Poster Presentation The 13th International Congress of the Immunology of Diabetes Society 2013

Preclinical xenotransplantation of genetically altered porcine neonatal islet cell clusters that express human CD55 and CD59 and Gal KO prevent thrombosis are a step closer to cure type 1 diabetes. (#157)

Wayne J Hawthorne 1 2 , Peta Phillips 1 , Evelyn Salvaris 3 , Joanne Hawkes 1 , David Liuwantara 1 , Simon Robson 4 , Andrew Lew 5 , Jamie Brady 5 , Mark Nottle 6 , Tony d'Apice 3 , Peter Cowan 3 , Philip O'Connell 1 2
  1. CTRR, Westmead Millennium Institute, Westmead , NSW, Australia
  2. University of Sydney, Westmead Hospital, Westmead, NSW, Australia
  3. Immunology, St Vincents Hospital, Melbourne, VIC, Australia
  4. Beth Israel Deaconess Medical Centre, Harvard Medical School, Boston, Mas, USA
  5. Walter and Eliza Hall Institute, Melbourne, VIC, Australia
  6. University of Adelaide, Adelaide, SA, Australia

Deletion of galactose-a1,3-galactose (Gal) and/or transgenic expression of human complement regulatory proteins have been shown to prolong the survival of vascularised xenografts, but the combined effect of these modifications on islet xenograft survival is unknown.

Aim: We examined the fate of wild type (WT) and combined effect of removal of Gal and expression of human CD55 and CD59 porcine neonatal islet cell clusters (NICC), and determined the potential of these NICC to avoid hyperacute rejection when transplanted intraportally into baboons.

Method: 1-5 day old wild type (WT) or transgenic (GTKO/CD55-CD59-HT) piglets were used as islet donors. Recipient baboons received by intraportal infusion 10,000 IEQ/kg of either wild type (n=4) or GTKO/CD55-CD59-HT (n=5) NICC. Graft function was evaluated in the immediate transplant period and at one month. Recipients of WT grafts received heparin but no immunosuppression and those with GTKO/CD55-CD59-HT grafts received heparin, ATG induction with tacrolimus and mycophenolate mofetil.

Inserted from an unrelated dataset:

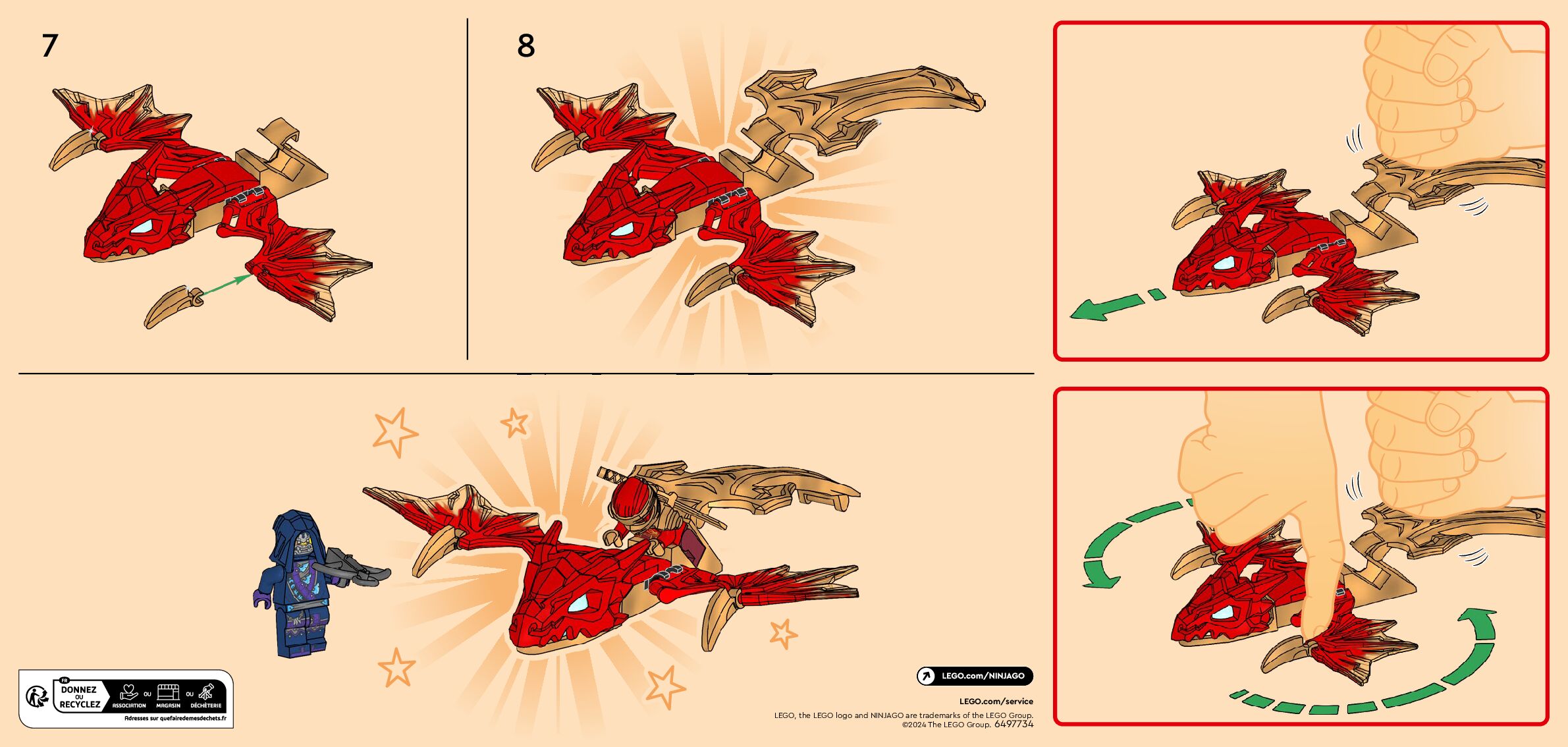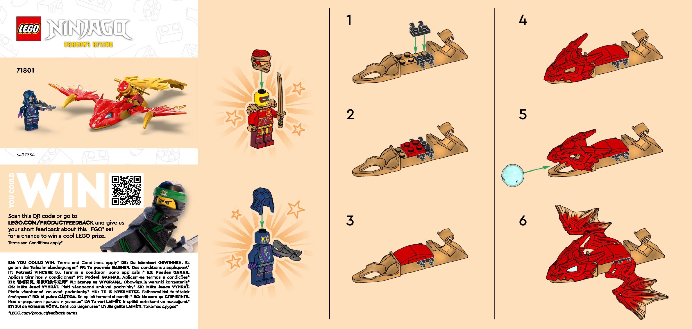 On this page you can find the original construction manual for the LEGO 71801 set. With the assembly manual you can easily learn how to build the 71801 Kai's Rising Dragon Strike step by step. The set was released in 2024.

Results: Within the first 12 hours of transplantation, WT NICC showed widespread thrombosis with substantial neutrophil and mononuclear cell infiltrate. There were transient decreases in systemic platelet counts and fibrinogen levels and increased D-dimer levels. In contrast, GTKO/CD55-CD59-HT NICC exhibited no signs of early thrombosis nor infiltrate, and platelet counts, D-dimer and fibrinogen levels were unchanged from baseline within the early transplant period. Histological assessment of GTKO/CD55-CD59-HT NICC grafts at one month revealed T and B cell infiltrates although insulin, glucagon and somatostatin positive cells were still present in all grafts.

Conclusion: Wild type porcine NICCs initiate a rapid innate immune response with immediate thrombosis and rapid destruction of NICC grafts. Removal of Gal and expression of human CD55 and CD59 in the setting of immune suppressive therapy prevents early thrombotic destruction of NICC, but T cell-mediated rejection remains a barrier to long-term islet xenograft survival.